Lee added that the delay has happened in part because there aren’t many laboratories nationwide that handle such drug testing on horses.

“I wish there were more labs qualified to do the testing,” he said.

Two sources close to the investigation said the drug in question is dextrorphan, a metabolite of dextromethorphan — a common ingredient in cough syrup. The drug can have anesthetic effects and also can alleviate nervous behaviors.

The racing commission was scheduled to address the issue at a July 31 meeting but a continuance was requested by the owners of Rock City Roadhog. The commission appointed a hearing officer to conduct an investigation regarding the positive test.

Fonner CEO Chris Kotulak said he is aware of the investigation and added that Fonner — and all of Nebraska thoroughbred racing — follows strict procedure and guidelines to ensure fairness.

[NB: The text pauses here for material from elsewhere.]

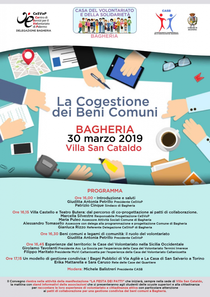 Interverranno: il sindaco di Bagheria Patrizio Cinque, l’assessore alle Politiche Sociali Maria Puleo, l’assessore alla Programmazione Alessandro Tomasello, la presidente CeS.Vo.P. Giuditta Antonia Petrillo, Marcella Silvestre responsabile progettazione CeSVoP, Gianluca Rizzo, referente della delegazione CesVoP Bagheria, Girolamo Tavolanti presidente dell’associazione La Goccia, Filippo Maritato presidente MoVi Caltanissetta che presenteranno rispettivamente le esperienze della case del volontariato di Termini Imerese e Caltanissetta, EriKa Mattarella e Sara Caruso della Rete delle Case di quartiere che illustreranno il caso di successo di gestione condivisa dei bagno pubblici di via Aglié e la casa di San Salvario a Torino. Modera l’incontro Michele Balistreri presidente del Casb.

“If the violation was the result of an oversight, then that is unfortunate,” he said. “But if it is determined that anything was administered intentionally that is not permitted within our racing regulations, then I would expect full penalties to be assessed.”

While the purse distribution could change, the payouts to the public won’t. Defending Bosselman champion Pain and Misery paid $6.80 to place and Hollywood Critic returned $2.60 to show.

Rock City Roadhog had been claimed for $7,500 and was the first horse owned by Pass Line Stables. He won an $85,000 race at Oaklawn Park in Arkansas on Feb. 22 and ran fifth in a $100,000 allowance race there March 23.

The horse was Condon’s first entry in the Bosselman.

Condon has not returned a call or text from The World-Herald.

Lee said the rules of racing apply to every horse that enters the starting gate.

“It’s the same process whether we’re talking about a $2,500 claiming race or a $1 million stakes race,” he said. “It’s all about maintaining the integrity of racing.”